"Health professionals want to identify pregnant women who may be at risk for postpartum depression in hopes of initiating preventive strategies," says U of T nursing professor Cindy-Lee Dennis. "But in my review of studies from around the world, I found no preventive effect of any strategy initiated before birth, including prenatal classes specifically targeting postpartum depression. It's not because the interventions are theoretically weak, but it's because compliance is low ? women are busy and don't attend the classes."
After sifting through hundreds of studies, Dennis conducted a systematic review and meta-analysis of 15 randomized control trials focusing on prevention of postpartum depression. The trials involved 7,697 women. Her study is published in the July 2 issue of the British Medical Journal.

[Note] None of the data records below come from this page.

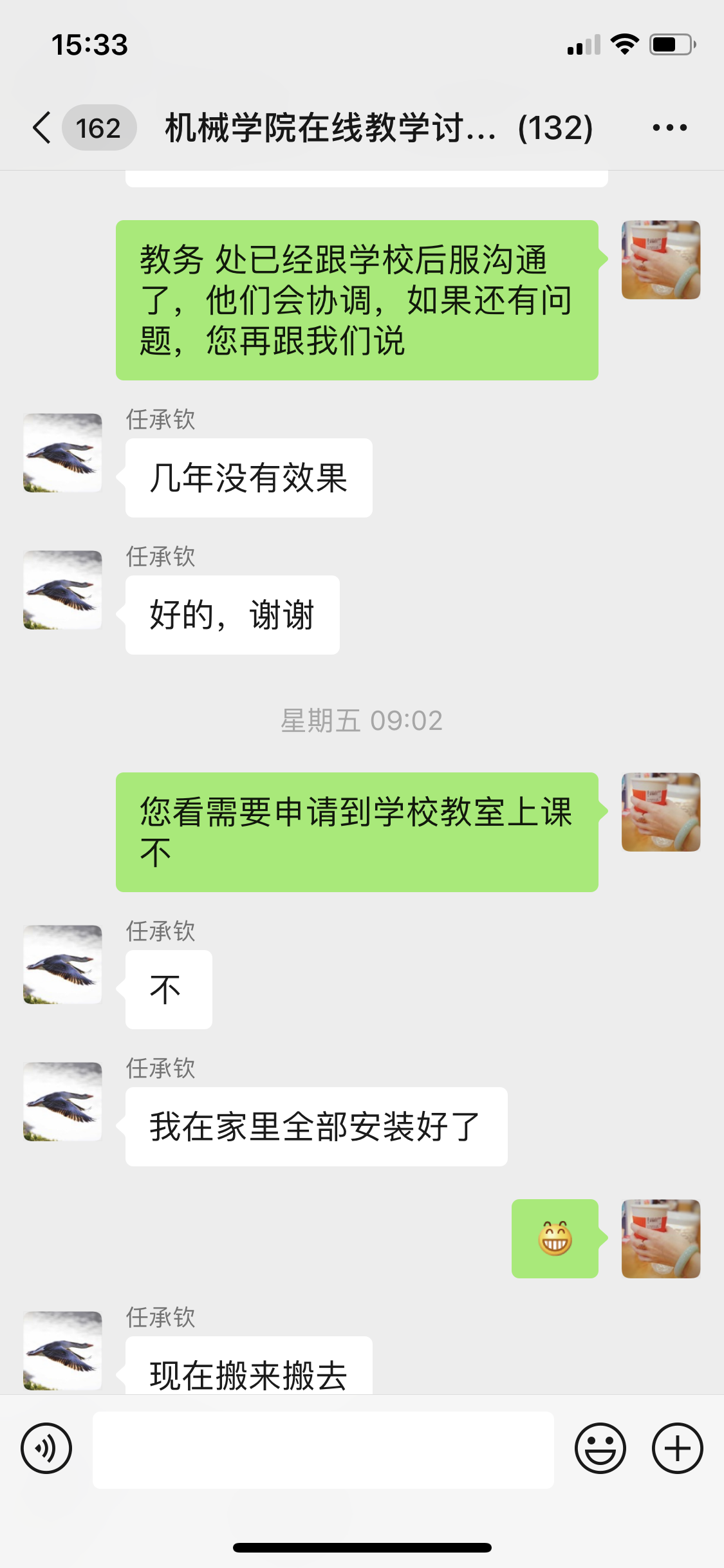 有老师反映在东楼附近,有施工队每天施工,噪音很大,影响老师上课,左老师看到消息后马上联系了教务处相关老师,又反馈给公司后勤服务公司,帮助老师做好后勤保障工作。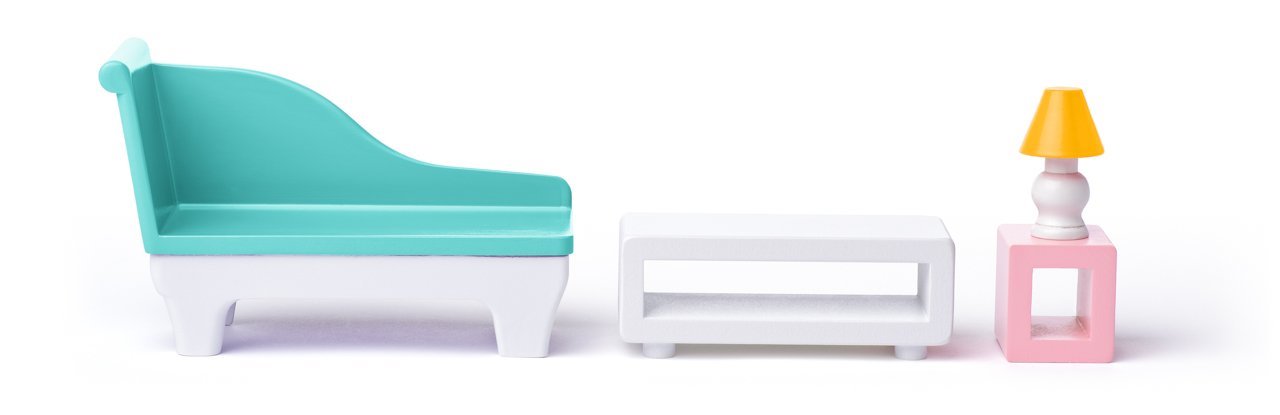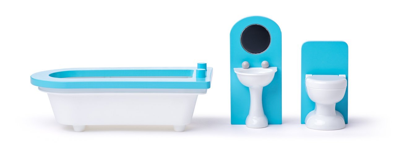 Poznámka: Veškeré příslušenství (vana, záchod, umyvadlo, židličky, stolky, pohovku, klavír, postel a lampičky) najdete v balení. Panenka není součástí výrobku.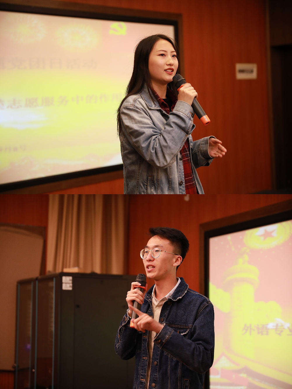 原溶作为多次带队参加志愿活动的教师也谈了自己的亲身感受。他看到了志愿服务的不易,多数的志愿活动都是时间紧任务重的,但他为同学们都能出色地完成各项任务感到自豪。原溶是学英语出身的,在他看来,“体育+英语”的发展模式将成为体院外语系学子成才的重要途径,他希望外语专业的党团员同学们能主动对接社会的需求,明确努力方向,发挥专业优势与体育特色,牢记作为青年的社会责任感与历史担当,能够成为对家庭负责、对社会有益的德智体美劳全面发展的新青年。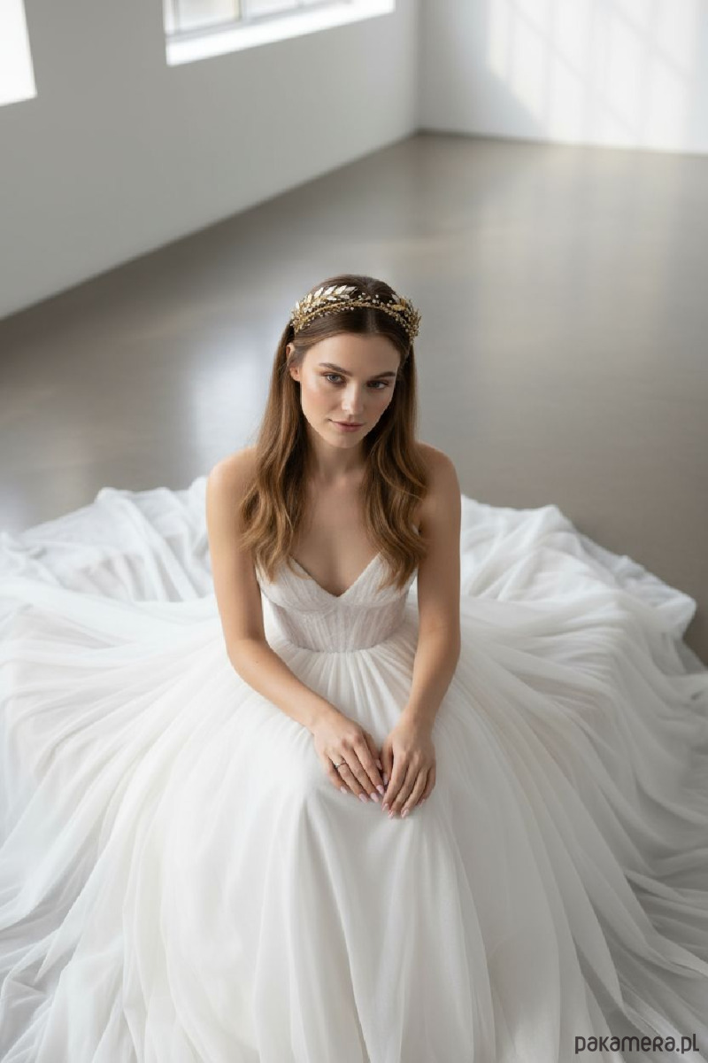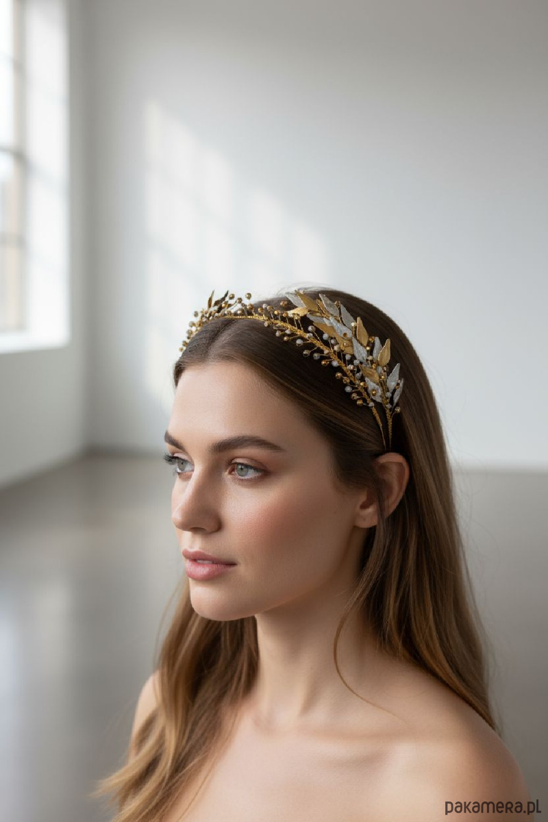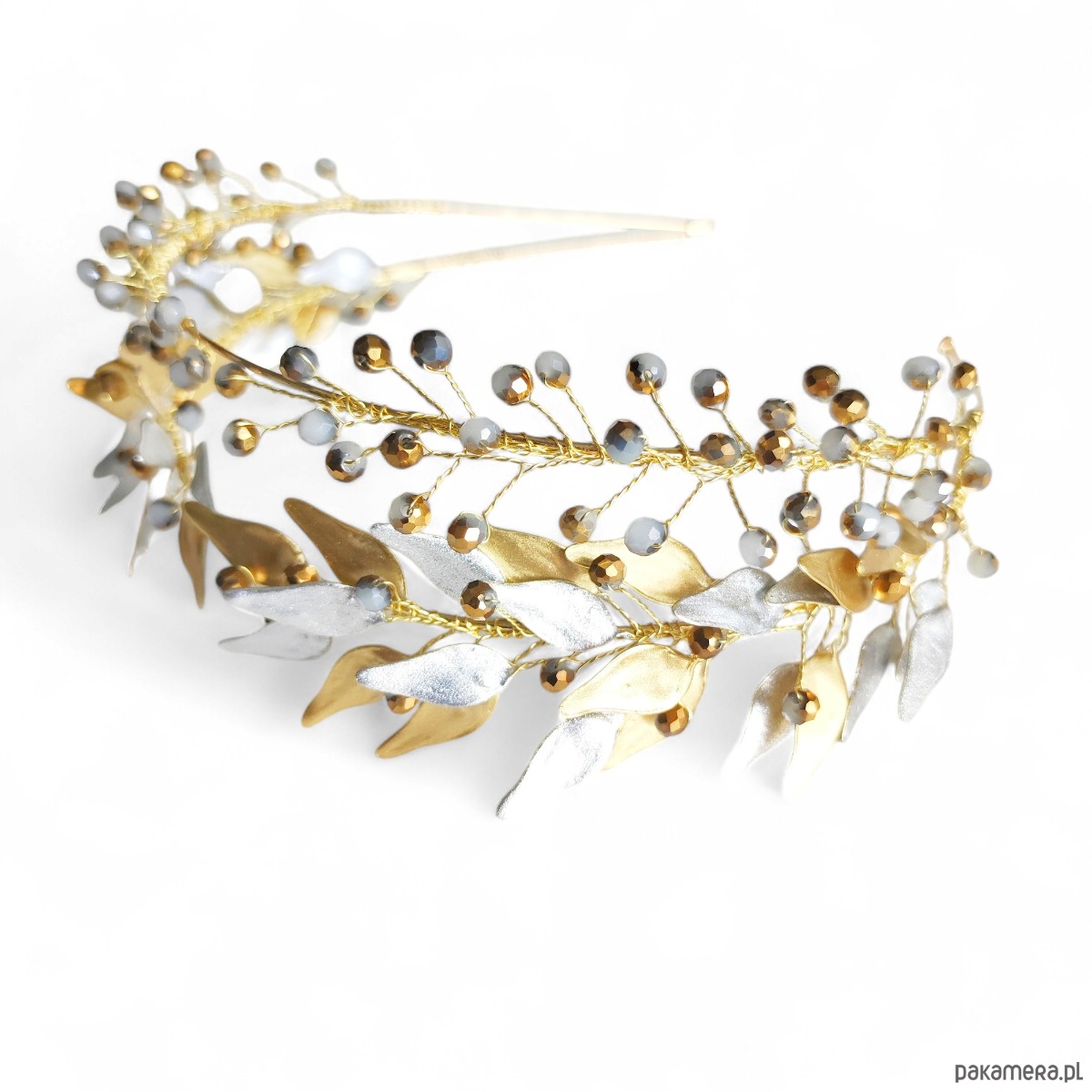 Niepowtarzalny wzór opaski ślubnej , na podwójnej złotej bazie . Przód opaski ze srebrzysto złotych szklanych czeskich koralików a druga część ze złoto srebrnych liści z żywicy. wszystkie elementy tworzone recznie. Ten projekt pasuje idealnie do wielu stylizacji. Metalowe elementy zabezpieczone specjalną powłoką przed utlenianiem.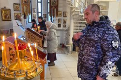 В областной столице росгвардейцы посетили Храм во имя святого благоверного князя Димитрия Донского. Офицеры вместе с прихожанами совершили молитву, приложились к святыням и поставили свечи во здравие всех защитников Отечества.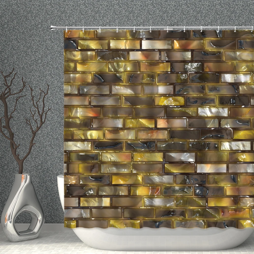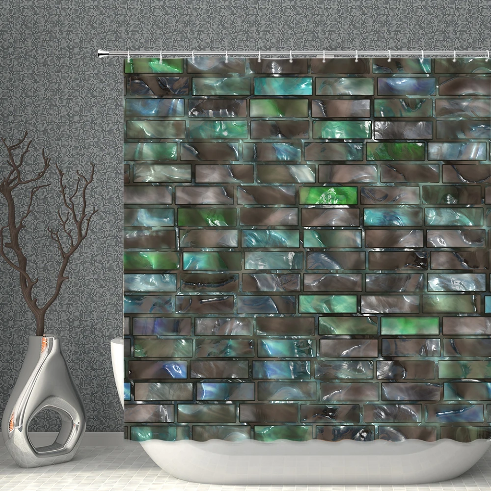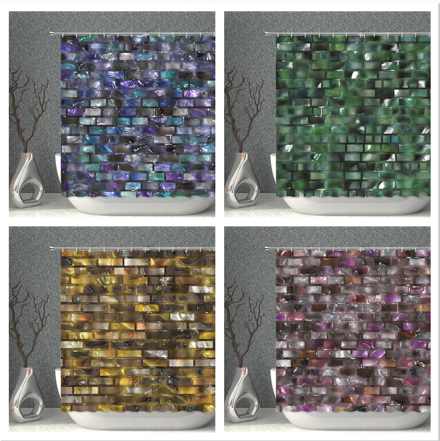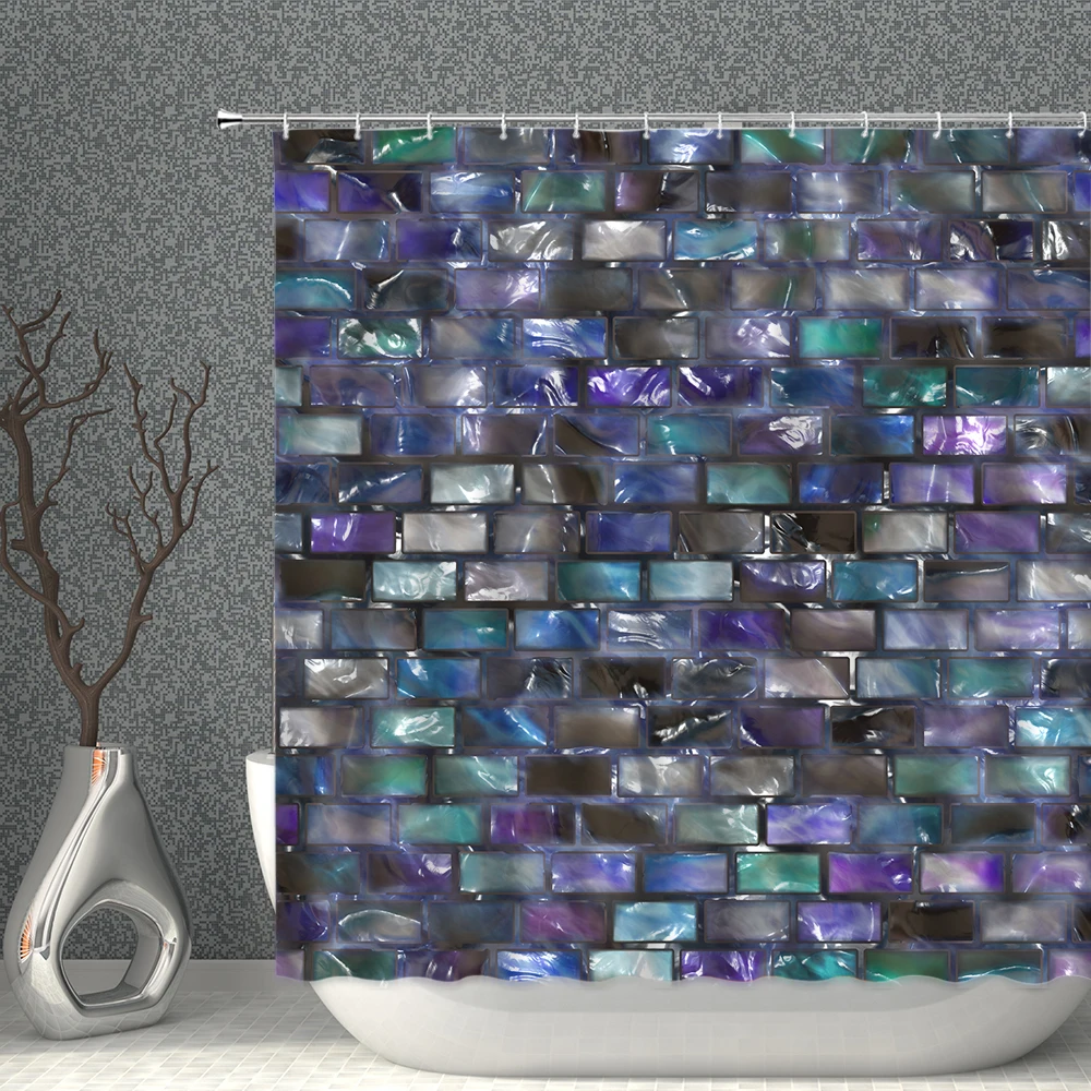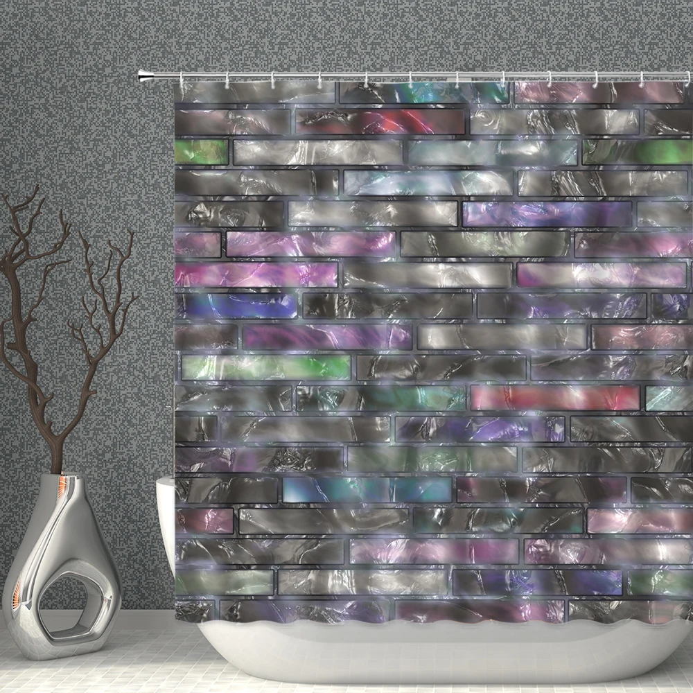 Комплект занавески для душа с мозаичным кирпичным узором, синяя, фиолетовая, зеленая, желтая, зернистая занавеска для ванной, водонепроницаемая ткань, экран для ванны

The evidence suggests postpartum depression may be preventable, says Dennis. In analyzing the prevention strategies used, Dennis found an overall 19 per cent reduction in postpartum depression. Individual assessment and intensive support provided by a health professional to at-risk women after they give birth was the most successful approach to preventing postpartum depression; group-based strategies weren't as effective. Risk factors for postpartum depression include past psychiatric history, a significant number of life stressors and lack of support.
"Individual, flexible postpartum care provided by a health professional and based on maternal need may have a preventive effect," Dennis says. "You must have a structured assessment within the first four weeks after birth with referrals to appropriate services that are accessible."
Dennis says her findings have implications for clinicians. "This systematic review tells us what type of strategy we can use to help prevent postpartum depression, when and how we should implement the strategy and with which clients," she says. "It's a nice summary of current research that health professionals can use as a tool when seeking to treat new mothers."